PI3K-independent effects of the regulatory subunits

Several studies have identified PI3K-independent roles for p85α subunit that may better explain the inverse relationship between p85α abundance and insulin sensitivity. Such roles include binding and stabilization of the lipid phosphatase, PTEN (phosphatase and tensin homolog deleted on chromosome 10), which directly opposes PI3K action., Additional kinase-independent roles for p85α include nuclear translocation of XBP-1, important in ER stress signaling, and insulin-activation of c-Jun N-terminal kinase (JNK) through association with Cdc42. The p85β subunit has also been shown to bind and translocate XBP-1 into the nucleus. Kinase-independent roles have not yet been elucidated for the shorter Pik3r1 isoforms, p50α and p55α or for the Pik3r3, p55γ. However, novel, non-redundant PI3K signaling roles have been attributed to both p50α-PI3K and p55α-PI3K. For example, in activated T cells, p50α-PI3K was shown to accumulate at the immunological synapse to mediate ICOS signaling for cytokine production. In addition, p55α expression is specifically induced in cells infected by Epstein-Barr virus and p55α-PI3K is necessary for cell proliferation as knockdown of p55α in these cells resulted in apoptosis. In contrast, in mammary epithelial cells, signal transducer and activator of transcription 3 (STAT3) activation increases p55α and p50α expression and reduces PI3K activity and Akt signaling, leading to cell apoptosis, which is necessary for involution. Taken together, these studies reveal that differential increases in p85α, p55α, and p50α abundance is another mechanism used by cells to confer specificity of PI3K signaling in response to different stimuli.

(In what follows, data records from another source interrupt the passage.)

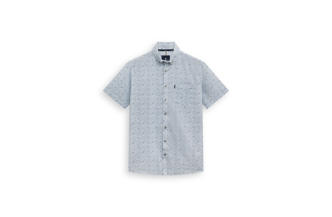 State of Art overhemd 26416267 5258. Het regular fit model heeft een kraag en korte mouwen. Dit mintblauwe overhemd van State of Art sluit aan de voorzijde door middel van knopen en is all-over bewerkt met een grafische print. Het model is voorzien van een borstzak.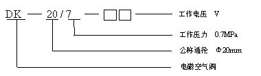 DK-20型電磁空氣閥,用于水輪發(fā)電機(jī)組轉(zhuǎn)速下降到額定轉(zhuǎn)速的35~40%時(shí),接受轉(zhuǎn)速信號(hào)來(lái)的電氣信號(hào),使空氣制動(dòng)閥動(dòng)作對(duì)機(jī)組進(jìn)行制動(dòng),完成機(jī)組停機(jī)動(dòng)作。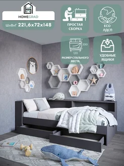 Кровать с прикроватным блоком с ящиками Ksenia 120х200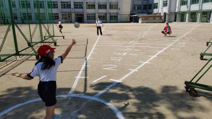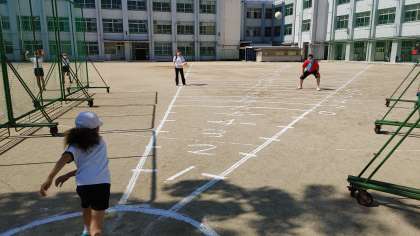 1時間目、いよいよソフトボール投げテストが始まりました。

Metabolic functions of PI3K

The function of PI3K is to convert phosphatidylinositol-4,5-bisphosphate (PIP2) into phosphatidylinositol-3,4,5-trisphosphate (PIP3) creating true second messengers in cellular membranes. In an un-stimulated state, the heterodimer is held in the cytosol in a state of low kinase activity through its association with its regulatory subunit. With hormone or cytokine stimulation, PI3K regulatory subunits are recruited to adaptor proteins containing tyrosine phosphorylated (pYxxM) sites. In adipocytes, substrate metabolism is regulated by insulin activation of PI3K leading to increased glucose metabolism and decreased fat metabolism (Fig. 1). Insulin-stimulation leads to auto-phosphorylation of the insulin receptor and subsequent recruitment and tyrosine phosphorylation of insulin receptor substrate (IRS1–4) proteins. IRS proteins act as docking sites for the regulator subunits and binding leads to a conformational change that relieves kinase inhibition and brings the enzyme in close proximity to its lipid membrane substrate. After differentiation, the p110β subunit is the predominant insulin-responsive catalytic isoform in adipocytes. Increased PIP3 in the membrane attracts two key signaling proteins with lipid binding pleckstrin homology (PH) domains, PDK1 (phosphoinositide-dependent kinase-1) and PKB/Akt (protein kinase B). Akt isoforms are major downstream effector molecules of PI3K and are activated through phosphorylation by PDK1 at threonine 308 and by mTORC2 at serine 473. In adipocytes, Akt2 is the primary isoform that stimulates the translocation of the glucose transporter GLUT4 to the plasma membrane, thereby promoting the uptake of glucose into the cell.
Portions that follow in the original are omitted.